Przypomina też, że w 1987 roku powstał ekran przeciwfiltracyjny, którego zadaniem jest ochrona wód po stronie niemieckiej. Długość ekranu wynosi prawie 3000 metrów, a głębokość do 40 metrów. - Ekran spełnił swoje zadanie, pomiary jego szczelności prowadzone są w ramach wspólnej sieci monitoringu polsko-niemieckiego, wyniki wskazują na to, że ekran jest szczelny - informuje PGE.

CZYTAJ RÓWNIEŻ: Turów. Negocjacje z Czechami będą wznowione

Dziennik "Bild" poinformował o obawach mieszkańców przygranicznej niemieckiej Żytawy. Uważają oni, że wydobycie węgla w Turowie powoduje szkody górnicze w tym 25-tysięcznym mieście. Jego burmistrz Thomas Zenker zapowiedział systematycznie rejestrowanie szkód górniczych, które mogą być związane z działalnością kopalni Turów.

Gazeta podaje, że trzy kilometry od granicy polska kopalnia Turów wciąż się rozrasta. "I to mimo decyzji Trybunału Sprawiedliwości UE, który po skardze Czech nakazał polskiemu koncernowi państwowemu PGE w połowie listopada czasowe wstrzymanie wydobycia. Powód: Czechy uważają, że popełniono poważne błędy w polskiej ocenie oddziaływania na środowisko. Tego samego zdania jest burmistrz Żytawy Thomas Zenker" - pisze "Bild". Dodaje, że PGE ignoruje decyzję TSUE mimo nałożonej kary finansowej.

Cytowany przez gazetę geolog Ralf Krupp, informuje, że aby możliwe było dotarcie do coraz głębiej położonych pokładów węgla, poziom wód gruntowych obniżono już o około 100 metrów. Gdy odpompowuje się wodę, zapada się także grunt. - Na granicy Niemiec stwierdziliśmy już obniżenie terenu o jeden metr - dodał.

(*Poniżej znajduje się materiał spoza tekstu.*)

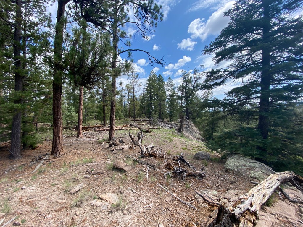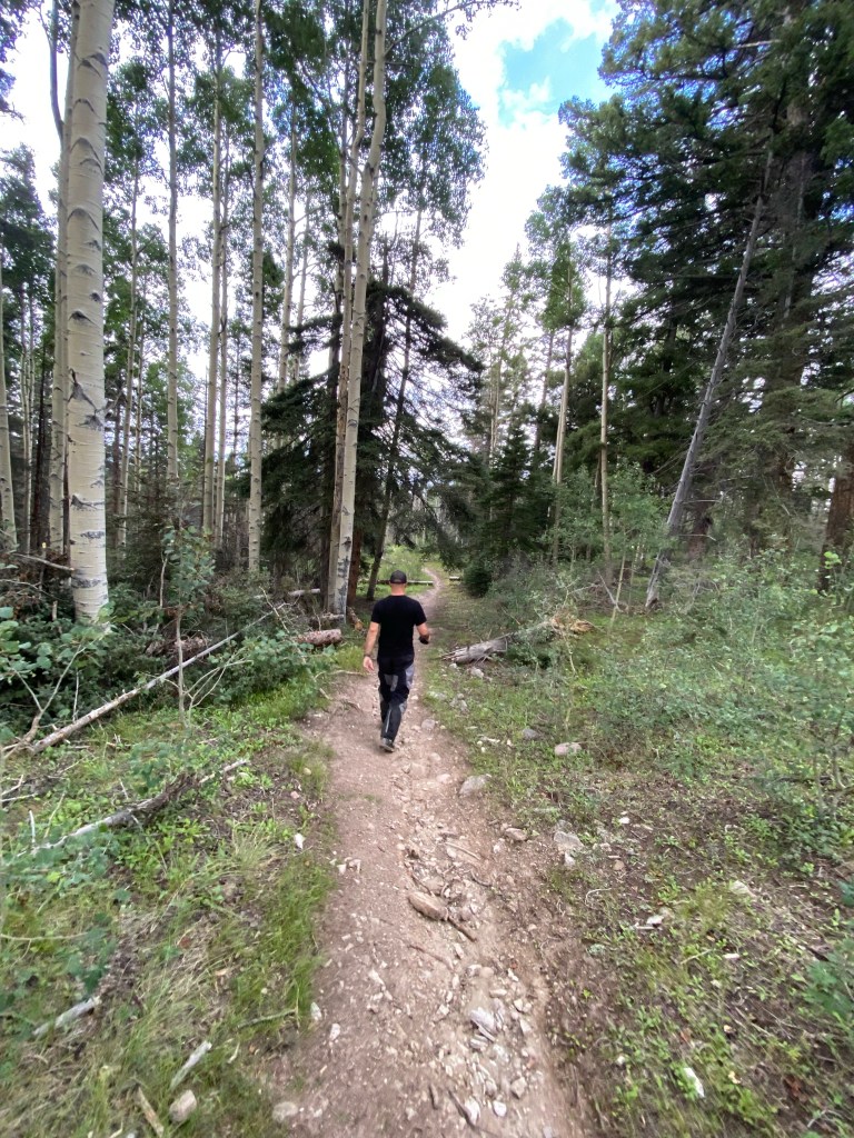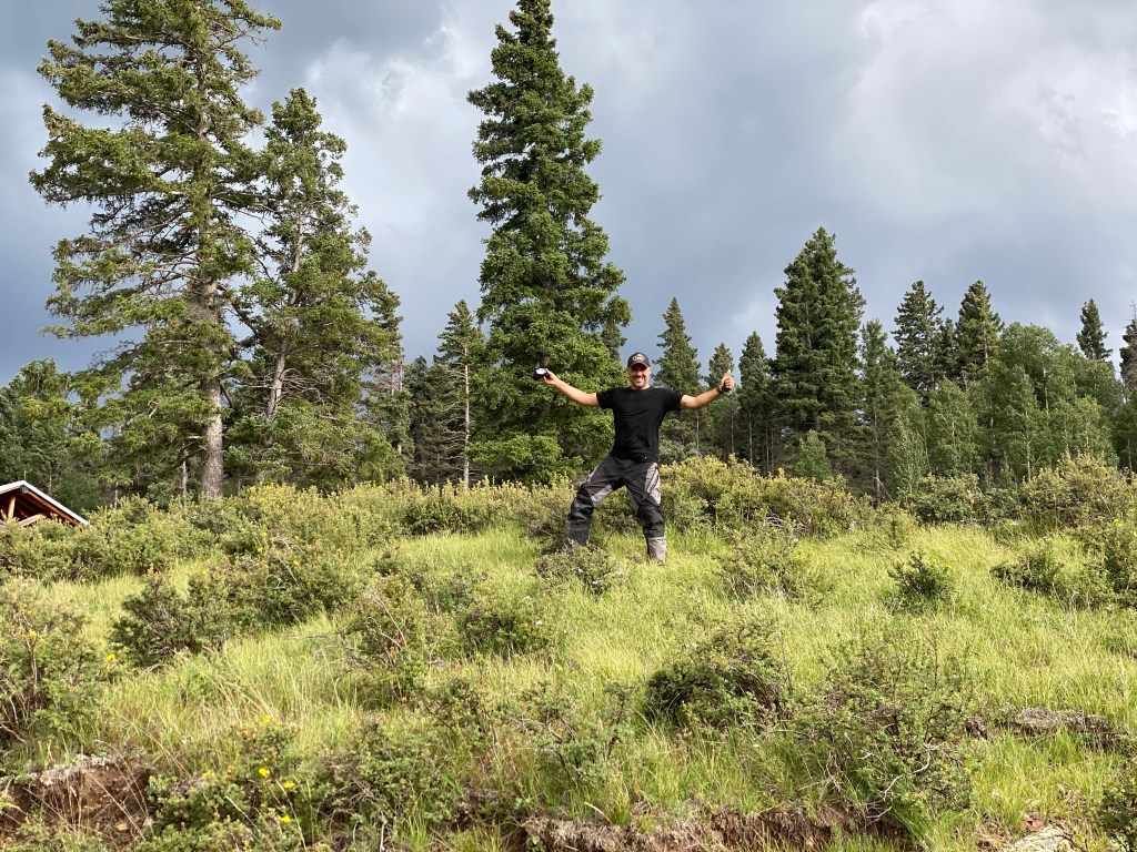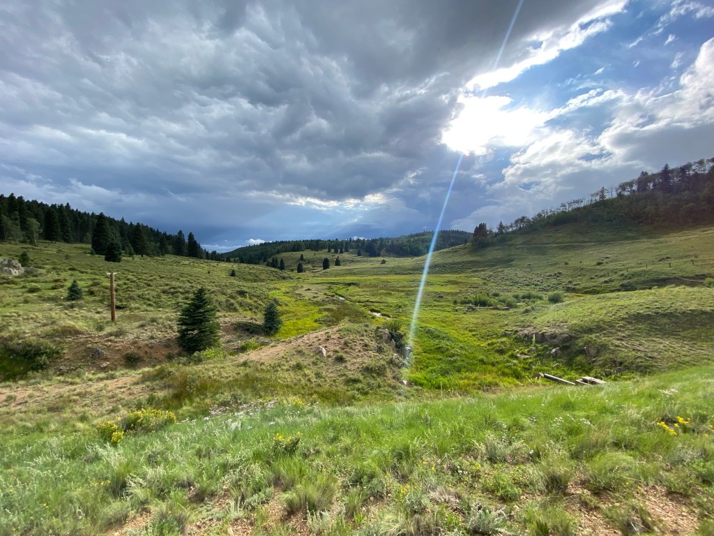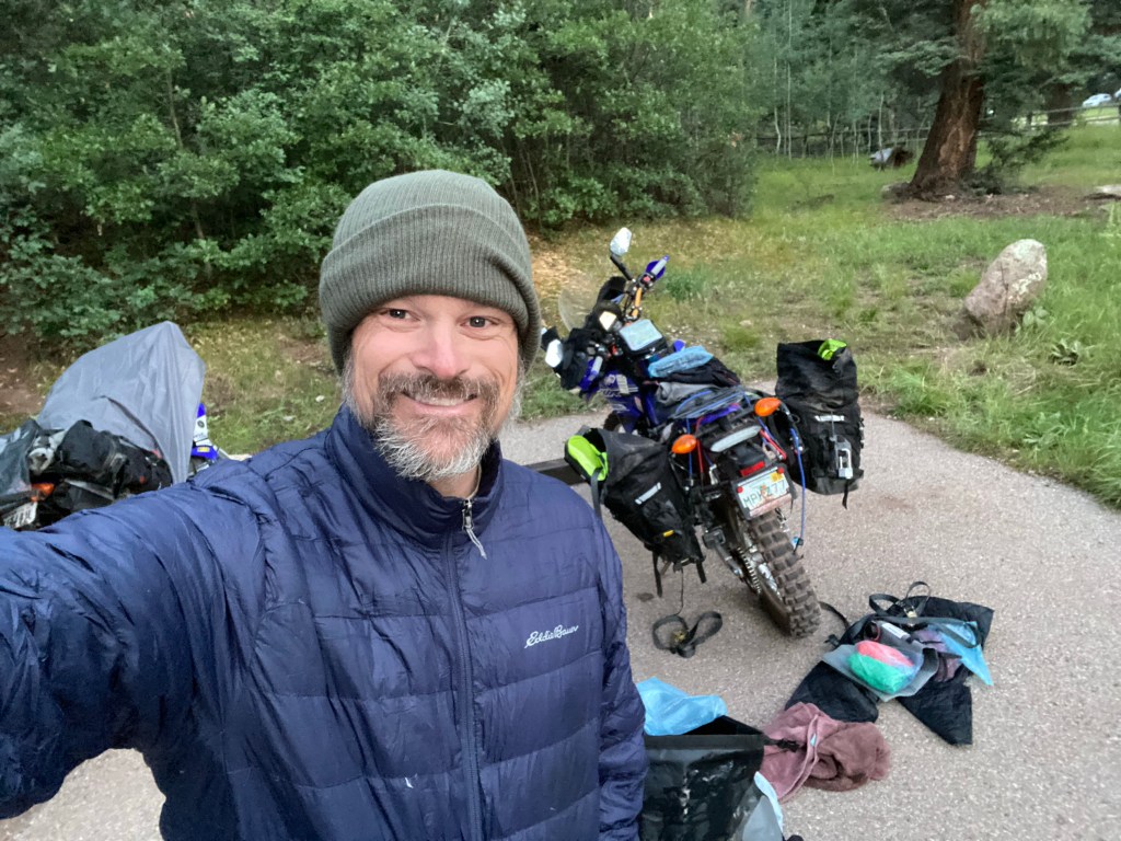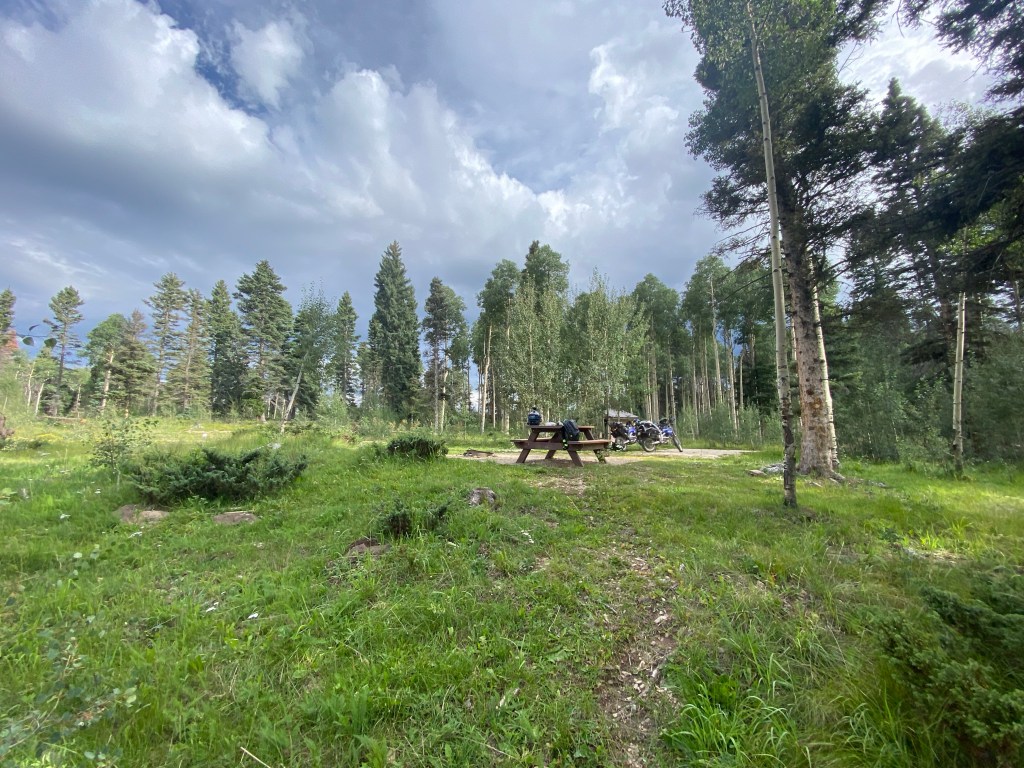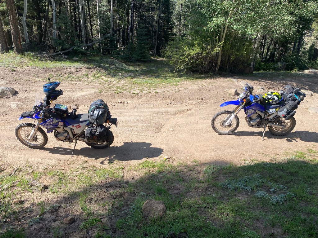 We started the day just east of Cuba, NM at Clear Creek Campground. Today was rough on the bikes and on us. We had two red sections (if you ski or snowboard it’s the equivalent of a black diamond) around the Santa Fe National Forest. Actually, if I remember correctly (it’s all a blur) one of the blue sections was more technical than an average red and we are thinking it was mislabeled in the gps tracks we bought. I think I dropped the bike 3 times today trying to go over some of those obstacles. Matt probably did the same. There are 10s of 1000s of rocks ranging from golf ball size to others as big as a laundry basket. Mix that with steep inclines/declines and massive ruts created by recent rains and that makes for an interesting run. The ruts not only go in the direction of the trail, but also across. Some of the ruts going across were a foot to 2 feet wide, foot deep and at different elevations. Either had a drop down or step up and this was going up and down hill. Cracking the throttle in 1st/2nd and pulling up on the handle bars were key for those. Not too many lines to follow so you just go for it and hope for the best. The plastics around my radiator guard ripped off so I had to punch 4 holes in the plastic and zip tie it together. Good as new! Both hand guards are scraped up and the left and right pannier bags are taking a beating as well but at the same time act as big cushions for when the bike does go over. It’s amazing what that little 250 can do when modified with a different gear set and heavy duty race suspension. Beyond impressed with its 1st and 2nd gear capabilities; especially with all the weight we have on these things. It’s about applying constant torque, keeping momentum, following the least shity line and keeping the rubber on the ground. That bike is a damn mountain goat. I bounced off the ground a couple times, but it’s all part of the adventure. Nothing Advil can’t take care of plus it makes for some great GoPro vid. We were probably 3 minutes outside of Abiquiu, NM when it started to sprinkle and then right when we pulled up to get gas it just started pouring plus lightning/thunder to the extent it knocked out the power a couple of times while we were there. Needless to say we hung out there for awhile to wait it out. It was more of a general store so they had a little of everything so we didn’t mind hanging out. We sat on a bench out front and finally had a chance to play on our phones plus we tracked the storms on radar and researched campgrounds for the night. The storm finally passed so we geared up and took the road to a place the gps said was a campground, but nope no campground so we kept on riding. Matt had the gps map up for the campground and I had the real time weather radar up on mine. It looked like we were going right between two storms as we rode. We left the hard pack and jumped back on the trail and eventually found an established campground at 9800 feet. We talked to the camp host and he set us up with a spot for the night. While on site we walked down to a nice little mountain lake on a path through the forest. The views were just amazing. After that we went back to the site and setup camp. While we were setting up, the skies got dark, the thunder rolled in and it started to sprinkle. No more than two minutes after I closed my right pannier bag the rain came in so we each went to our tents and called it an early day. Didn’t get to start a fire or heat up dinner. Think I had trail mix, water and a Kind bar instead. No idea when I passed out, but it was early. The sound of the rain hitting the tent was calming and I fell asleep. It’s now 3:57 am and I’m wide awake. This seems to be my norm on this trip. Perhaps I’m still running on EST in my head. This is when I work on the blog, go through all the pics from the prior day, swap out SD cards, make sure everything is charged, study the map for the day and figure out possible fuel stops. As each day goes by we are getting a little better and quicker breaking down camp and loading up the bikes. Loading the bikes is all about even weight distribution and having frequently used items on top for easy access such as tools, first aid kit, shoes, etc. It’a no doubt an art you only learn by doing it over and over and over. Today we should hit CO. Right now my Garmin in-Reach says it’s 47 degrees with a 30% chance of rain. Knowing it rained all night we are expecting slick and muddy trails ahead. Thinking the bikes are about to get dirty again. I’ll post this later today once I have a cell signal. I could use a shower, the baby wipe camping kit is wearing its welcome out.

"Bild" opublikował fotografie budynków w Żytawie, na których widać wyraźne pęknięcia. Mieszkańcy domów twierdzą, że rysy pojawiły się w ostatnich latach. W ekspertyzie na temat skutków działalności Turowa Krupp stwierdza, że istnieją wskazówki, iż uszkodzenia budynków w Żytawie mogą być konsekwencją obniżenia poziomu wód gruntowych i związanego z tym zapadania się gruntu.

Burmistrz miasta domaga się większego wsparcia od władz kraju związkowego Saksonia. - Powinny pozyskać wszystkie dane z Polski i ocenić je jeszcze raz samodzielnie. Dużo łatwiej byłoby, gdyby to PGE musiało udowodnić, że nie szkodzi Żytawie, niż gdyby każdy właściciel domu musiałby dochodzić odszkodowań od państwowego zakładu za granicą" - mówił Zenker.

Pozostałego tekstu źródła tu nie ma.